Imagine a newborn baby that is suffering from hypoxic respiratory failure, what would you do to help this? One of the major things that will help with this kind of issue in neonates is the administration of Nitric Oxide (NO). NO therapy has been approved by the FDA and is used in, not only neonates, but some adults. There are many advantages but there are also some disadvantages that will be discussed in this paper. NO therapies mode of action is classified as a pulmonary vasodilator. NO gas is full of lipid-soluble free radicals that combine with oxygen to become nitrogen dioxide (NO2). NO is normally produced in the body by a reaction catalyzed by the enzyme NO synthase. NO activates guanylate cyclase, which catalyzes the production of cyclic guanosine 3’, 5’-monophosphate (also called cGMP). The end result is that increased cGMP levels cause vascular smooth-muscle relaxation.

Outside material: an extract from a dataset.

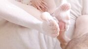 Молодая девушка с красивым телом и идеальными натуральными сиськами, классной задницей и стройными ногами, в белых колготах, лежит на кровати и ждет, пока парень разорвет их на заднице и трахнет через дырку. Но для разогрева, красотка дрочит ногами в колготах хуй. Футфетишист пальцами трахает её красивую нежную киску. И после фистинга пара достигает оргазма вместе и бойфренд спускает на задницу, получив много удовольствия.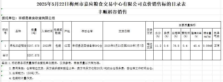 受客戶委托,梅州市嘉應(yīng)糧食交易中心有限公司定于2025年5月22日(星期四)舉辦糧食競價交易會。豐順縣糧食收儲有限公司擬銷售2022年產(chǎn)早秈稻谷5207.878噸。

This effect is helpful to patients’ respiratory tract by improving the blood flow to ventilated alveoli. The final result is a reduction in intrapulmonary shunting, improvement in arterial oxygenation, and a decrease in pulmonary vascular resistance and pulmonary arterial pressure (Committee, 2000). NO therapy has been effective in some adults, short-term, in treating acute respiratory distress (ARDS). This therapy has not been approved for adults because of this short term improvement and possible mortality.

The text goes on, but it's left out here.